Condensation appears near the AC inlets:
Air circulation in large pressurized aircraft, from this answer
Dew point
Psychrometrics, the branch of physics studying how liquids and solids boil or condense, revolves around the notion of equilibrium vapor pressure, but for us mere mortals, the notion of dew point is more practical.
The quantity of vapor air can contain before being saturated is called its water vapor capacity, it increases exponentially with temperature. Let's define two cases:
Full saturation: If the quantity of vapor is the maximum allowed for the current temperature (100% relative humidity), decreasing the temperature or adding vapor will cause some vapor to condensate into water.
Partial saturation: If air is not fully saturated, there is a (lower) temperature for which it becomes saturated.

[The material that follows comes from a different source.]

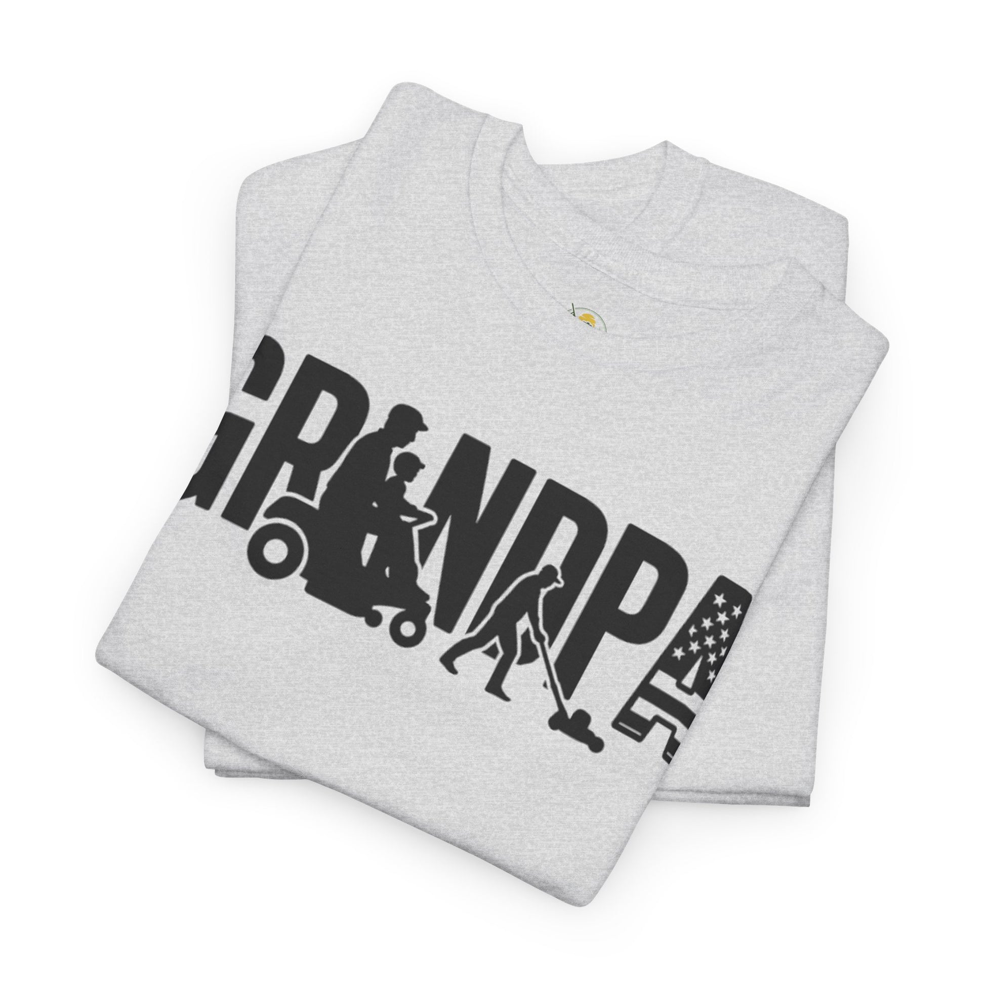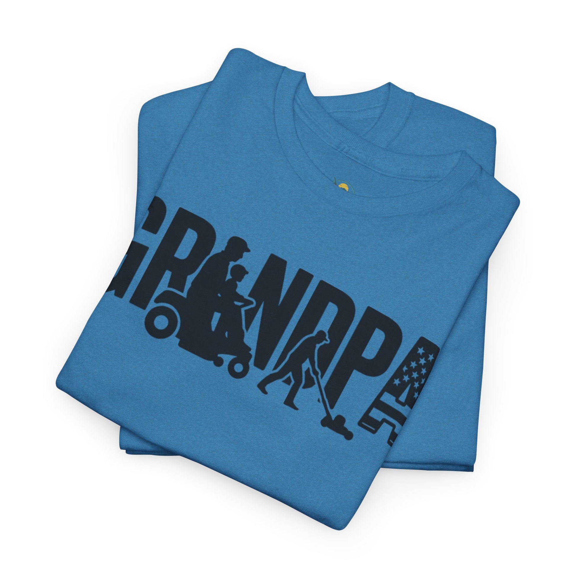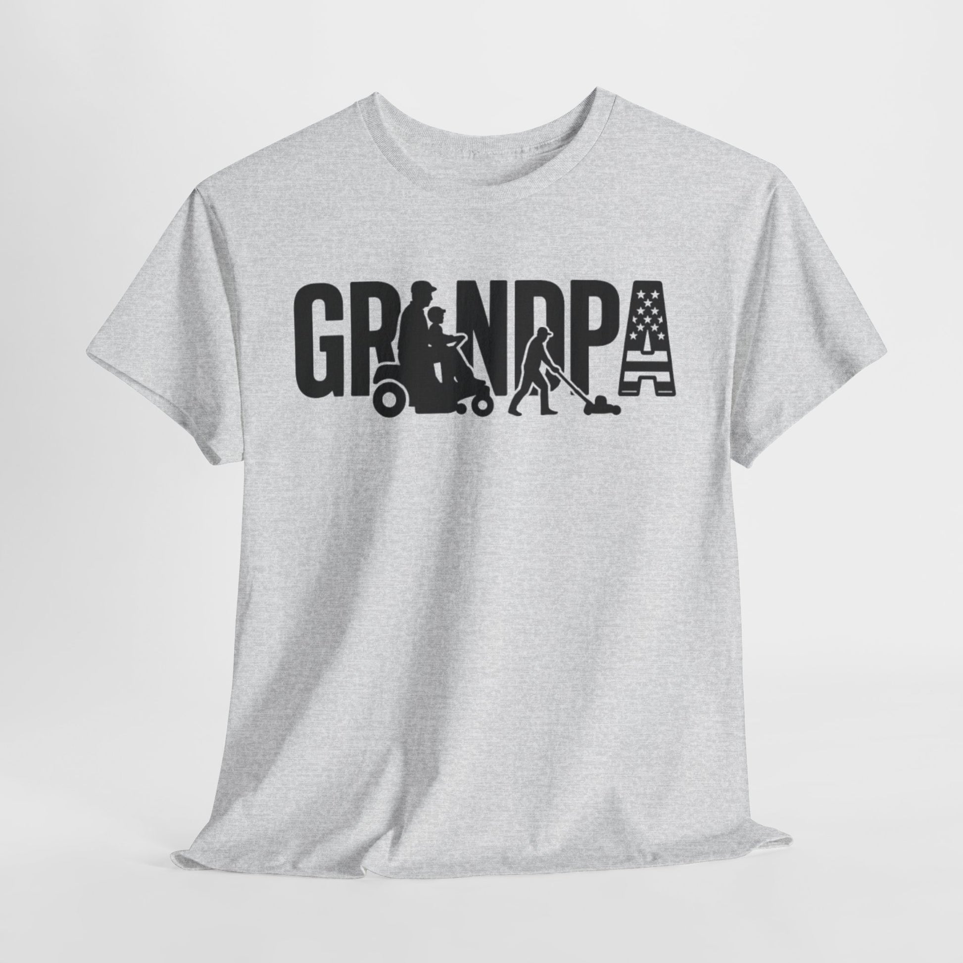 This bold GRANDPA shirt features crisp black silhouettes: Grandpa riding a mower with a child, pushing a mower, and proudly displaying an American flag. The clean block-letter design makes it perfect for family barbecues, Father’s Day, 4th of July or showing off that proud yard-dad spirit.

This temperature is referred to as dew point. So whatever the current temperature, fog can be created by decreasing the temperature until the dew point is reached.
For sake of accuracy: When water vapor is present in air, it is continuously condensed and evaporated. The dew point is the point where condensation occurs at a greater rate than evaporation and water droplets start accumulating.
Whether fog will form depends on the the dew point spread, that is the difference between current temperature and dew point. When the spread is large, the change in humidity or in temperature must be large. In your case, the spread is small, because air is wet and temperature is high.
Measuring the dew point
The dew point may be determined with a psychrometer (a system with dry and wet thermometers):
Whirling (how to use it) and digital psychrometers
Pressure, dry and wet temperatures, dew point and relative humidity are linked by the mean of vapor pressure. By knowing three elements, the two other can be determined. So knowing pressure, dry temperature and wet temperature allows to determine the dew point. It exists precalculated charts (Mollier diagrams) to read dew point directly. There are also online calculators.
Dew point and fog/mist information
KLAX ASOS report:
As previously mentioned, when the dew point is close to the ambient temperature and the humidity percentage is high, the visibility is low and fog occurs.
When water vapor changes into ice
When the dew point is below 0°C, water vapor is not condensing into water droplets, it is converted directly into ice crystals (frost).
This effect is particularly dangerous and can lead to icing in the carburetor of a piston engine. This condition can happen in areas of low pressure and low temperature, commonly created by the sudden pressure drop in the throttle venturi, due to venturi effect and the temperature drop due to fuel vaporization.
For a typical piston engine, this effect is centered on a external temperature around 10°C but extends to a large range of temperature when the engine is slowed down (descent):
Induction icing conditions
The remedy to carburetor induction icing is to heat the carburetor and raise the due point to a safe area, especially when descending.
For jet engines, induction icing (not to be confused with flying in atmosphere with ice crystals or supercooled water droplets) can cause ice to form at the engine inlet. Blocks of ice can then break, causing damage to blades, compressor stall and/or combustor flameout. It can also cause EPR probe (PT2) reading errors and subsequent FADEC fatal behavior.